Chaos engineering (sometimes also called chaos testing) involves artificially injecting failure into our live, production systems, as a way to proactively validate that those systems handle a degraded environment.

Enter the Chaos Monkey

The concept of chaos engineering originated at Netflix. They were migrating from data centers to less reliable cloud infrastructure and wanted to ensure that their systems could cope with this less stable environment. To test their resilience to failure, they created an automated process called a Chaos Monkey. This automated process would use cloud APIs to turn off production server instances at random — the software equivalent of letting a monkey wander around your data center randomly unplugging cables and urinating in power supplies. Over the years Netflix has added other agents of chaos to their “Simian Army”, which inject other types of failure at various scales. This goes all the way up to Chaos Kong, a process that simulates an entire AWS region going down.

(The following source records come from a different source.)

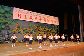 本 會 每 年 均 於 香 港 大 會 堂 舉 辦 「 通 善 敬 老 粵 劇 欣 賞 會 」 招 待 壹 仟 伍 佰 位 六 十 五 歲 或 以 上 長 者 , 免 費 欣 賞 豐 富 節 目 ,是 次 活 動 請 了 靈 恩 學 校 一 班 同 學 在 粵 劇 正 式 演 出 前 , 表 演 朗 誦 、 唱 誦 、 手 語 演 繹 及 演 唱 環 節 。 劇 目 方 面 邀 請 到 粵 劇 班 霸 「 鳴 芝 聲 劇 團 」 演 出 「 三 笑 姻 緣 」 , 並 由 粵 劇 名 伶 蓋 鳴 暉 小 姐 及 吳 美 英 小 姐 擔 綱 演 出 , 劇 團 演 出 精 湛 。 長 者 們 歡 度 一 個 既 溫 馨 又 愉 快 的 晚 上 。
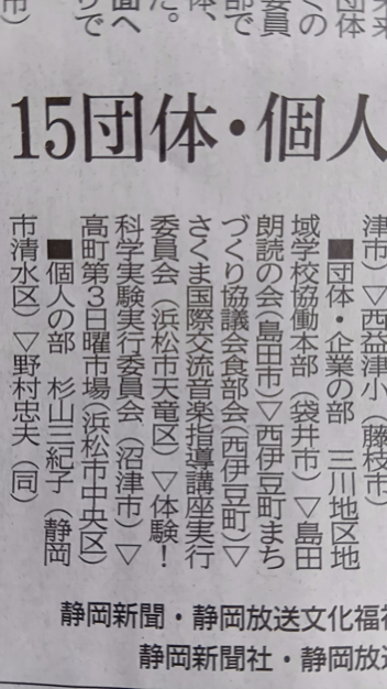 佐久間中学校から推薦した、ヤイトラーさんの長年に及ぶ音楽事業が「ふるさと貢献賞(静岡新聞社)」を受賞しました。昨年度は本校の生徒会が受賞し、これで佐久間から2年連続です。おめでとうございます。
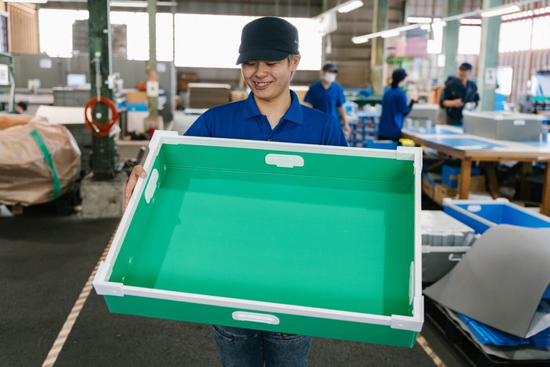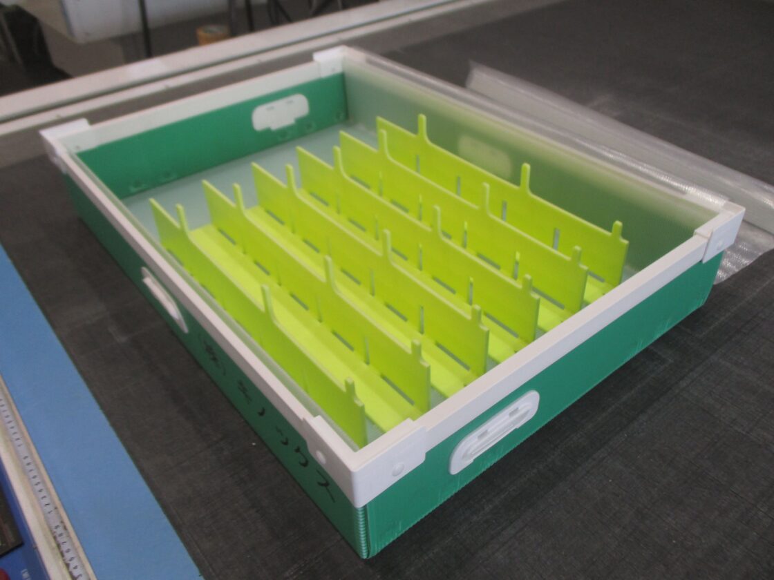 軽くて丈夫なプラスチックダンボール製の通い箱。自動車部品の工場間輸送などで、繰り返し使用されます。
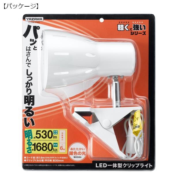 | 仕様 | 光源:電球色LED 消費電力:約6W 定格電圧:AC100V 定格入力:DC18V、0.26A 光源光束:約530lm 器具光束:約280lm 照度:約1680lux(30cm直下) 色温度:約3000K 設計寿命:約40000時間 クリップくわえ幅:平行時約30mm コード長:約1.6m(ON・OFFスイッチを含む) |
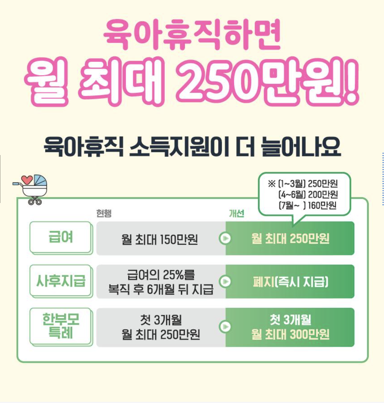- 7개월 이후: 통상임금의 80%, 월 최대 160만 원으로 조정
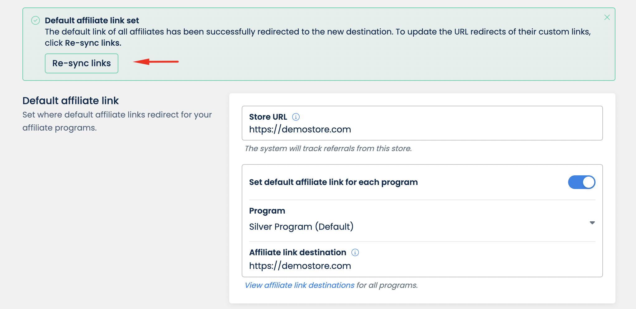 If you've had custom affiliate links and are in the Professional plan or above (or subscribing to the Feature add-on plan), when you change the affiliate link destination, the link redirects won't be automatically updated. Instead, after saving changes, you will see a green banner including the **Re-sync links** button that you can click on to update the program's custom links to the correct destination.

Chaos Engineering is About Embracing Failure

Rather than attempting to prevent any failures from occurring — a fool’s errand in any complex system — the goal with chaos engineering is instead to improve the resilience of these systems in the face of inevitable failure. What’s worse than a plane’s engine catching fire? An inability to handle that failure.

Chaos testing can be used to verify that specific failure scenarios are handled correctly — a network partition between database nodes, for example. It can also be used to discover new, unknown failure modes. Teams can also use chaos engineering to rehearse their response to failure, similar to a fire drill that’s planned and announced ahead of time, and run during business hours.

While these artificial failures are typically injected into production systems, they’re done so in a controlled, relatively safe way. Aerospace engineers wouldn’t literally set fire to a plane engine — they’d power it off on a test flight, and be ready to power it back on in case something goes wrong. In the same way, chaos engineering is typically done at scheduled times (usually during core working hours for the teams that operate the systems being exercised), and the simulated chaos that’s introduced can be reverted if things start going sideways.

There are a lot of failure modes that we might want to simulate. Hard disks failing (or filling up), a server going offline, or a network connection failing. One of the most reliable ways to bring a system to its knees is to inject packet loss or artificial latency — an API call which responds at a rate of 1 byte a second will usually cause much more mayhem than an API call which doesn’t respond at all.

Knowing that aerospace engineers think engine failure is a possibility, and something that they’ve planned for, and tested against, makes me more comfortable in getting on a plane, not less. In the same way, engineers who apply chaos engineering create software that is more robust and resilient in the face of the inevitable failure which befalls any complex system.